» Aim of the task
Would you print the data below exactly, leaving out every picture?

» Supplied data
- Opening Delimiter -

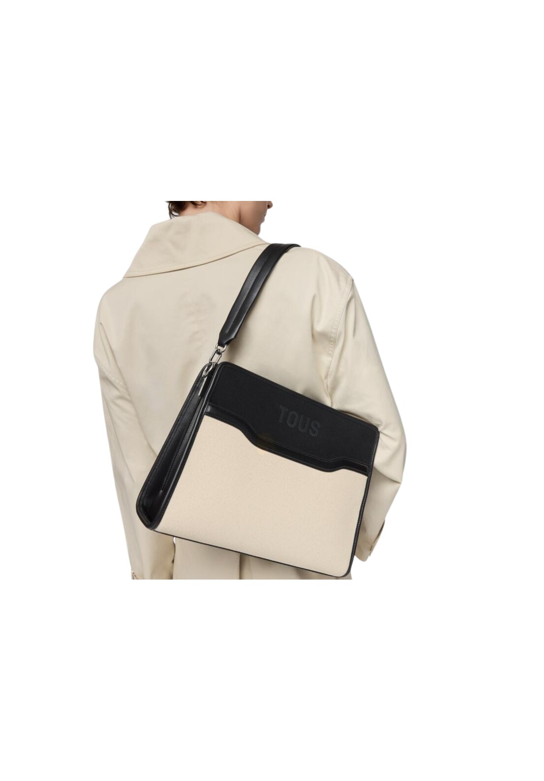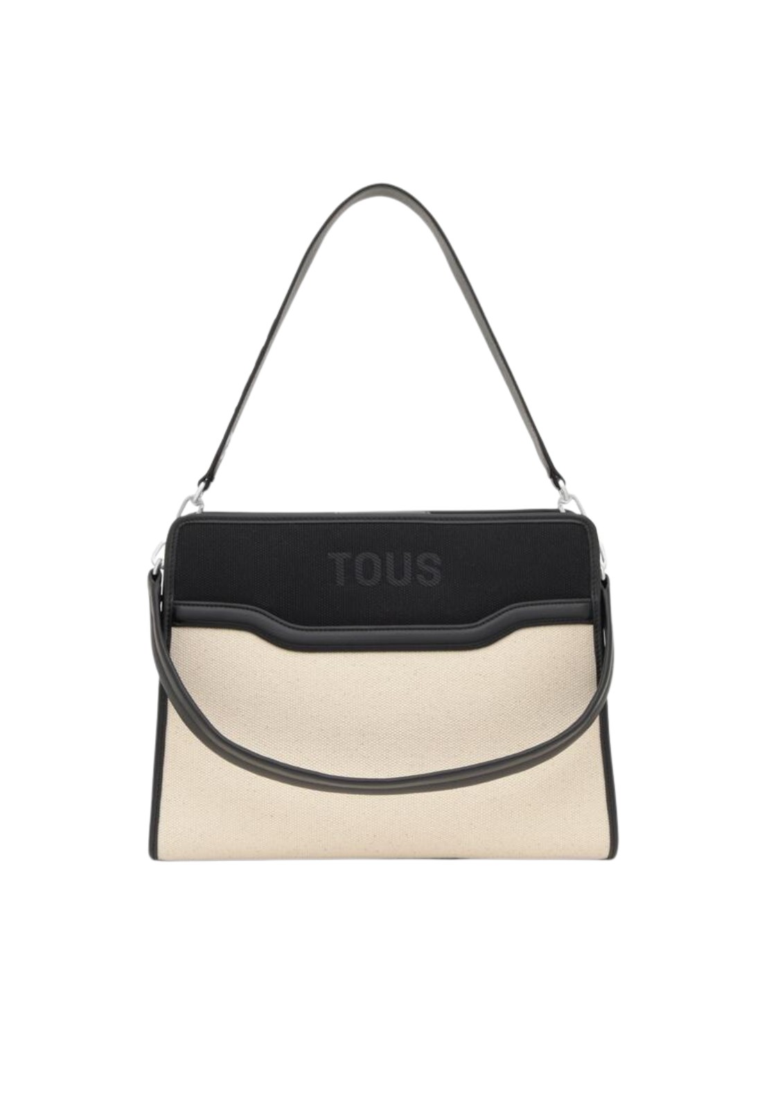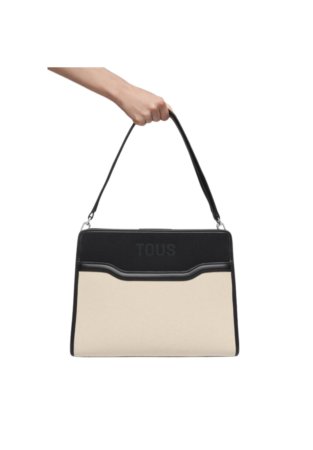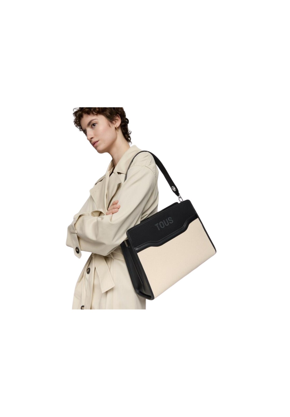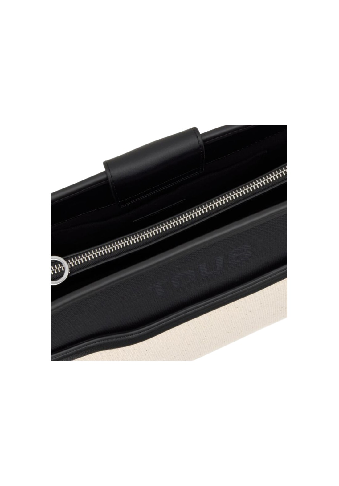 Bolsa shopper mediano Audree Canvas de algodón con detalles de poliuretano y piel vacuna con certificación LWG. Tiene el cierre magnético y dos compartimentos separados por uno con cremallera. Bolsillo interior y bolsillo exterior abiertos. Asa de hombro extraíble.
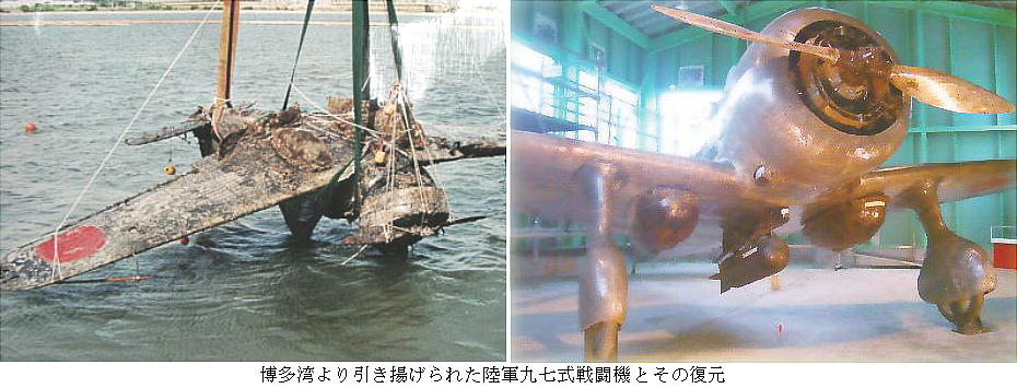 平成8年に博多湾で見つかった九七式戦闘機(九七戦)。
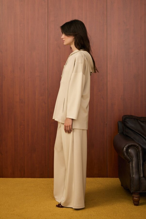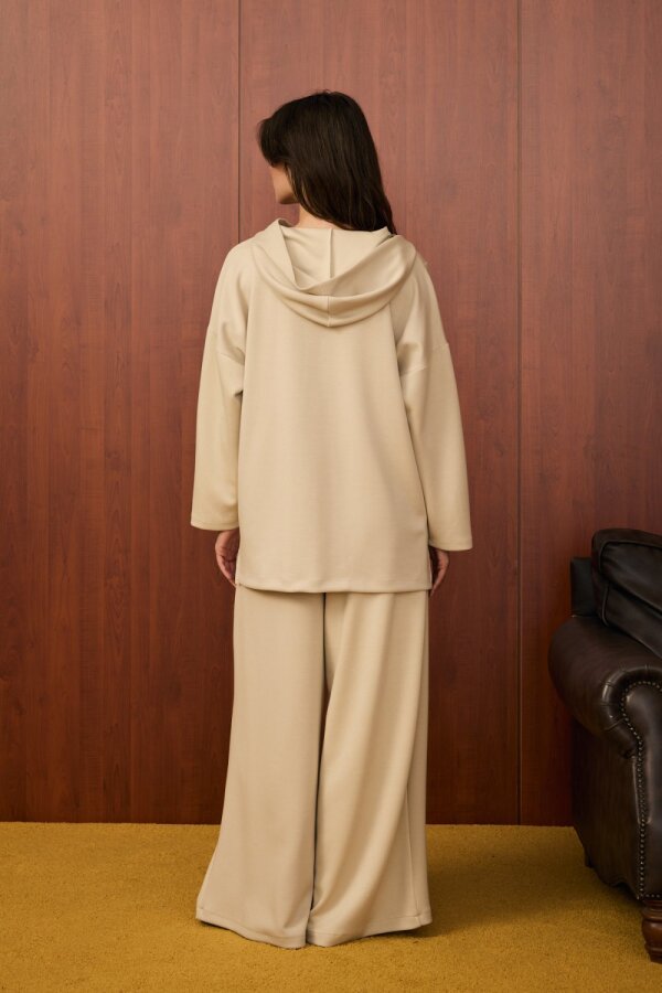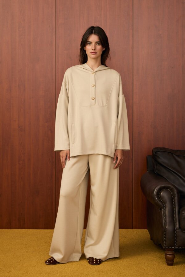 Ürün Özellikleri: Kumaş: İthal Modal Tunik Ön Boy: 72 cm Tunik Arka Boy: 75 cm Pantolon Boy: 100 cm Bedenleme: 1/2 Detaylar: Gold düğme detaylı kapüşonlu tunik, geniş paçalı pantolon Bu özel tasarım takım, hem rahatlığı hem de sofistike bir görünümü bir araya getiriyor. Yumuşak dokulu kumaşı sayesinde gün boyu kendinizi iyi hissedeceksiniz. Düşük omuzlu, salaş kesim tuniğin kapüşonunda yer alan gold düğme detayları, tasarıma modern ve şık bir dokunuş katıyor. Geniş paçalı pantolonu ise hareket özgürlüğü sunarken, modern bir siluet oluşturuyor. Önü kısa, arkası uzun kesimiyle farklılık yaratan bu takım, gardırobunuzun en sevilen parçalarından biri olacak.

- Closing Delimiter -

» Reply to the exercise
 Bolsa shopper mediano Audree Canvas de algodón con detalles de poliuretano y piel vacuna con certificación LWG. Tiene el cierre magnético y dos compartimentos separados por uno con cremallera. Bolsillo interior y bolsillo exterior abiertos. Asa de hombro extraíble.
 平成8年に博多湾で見つかった九七式戦闘機(九七戦)。
 Ürün Özellikleri: Kumaş: İthal Modal Tunik Ön Boy: 72 cm Tunik Arka Boy: 75 cm Pantolon Boy: 100 cm Bedenleme: 1/2 Detaylar: Gold düğme detaylı kapüşonlu tunik, geniş paçalı pantolon Bu özel tasarım takım, hem rahatlığı hem de sofistike bir görünümü bir araya getiriyor. Yumuşak dokulu kumaşı sayesinde gün boyu kendinizi iyi hissedeceksiniz. Düşük omuzlu, salaş kesim tuniğin kapüşonunda yer alan gold düğme detayları, tasarıma modern ve şık bir dokunuş katıyor. Geniş paçalı pantolonu ise hareket özgürlüğü sunarken, modern bir siluet oluşturuyor. Önü kısa, arkası uzun kesimiyle farklılık yaratan bu takım, gardırobunuzun en sevilen parçalarından biri olacak.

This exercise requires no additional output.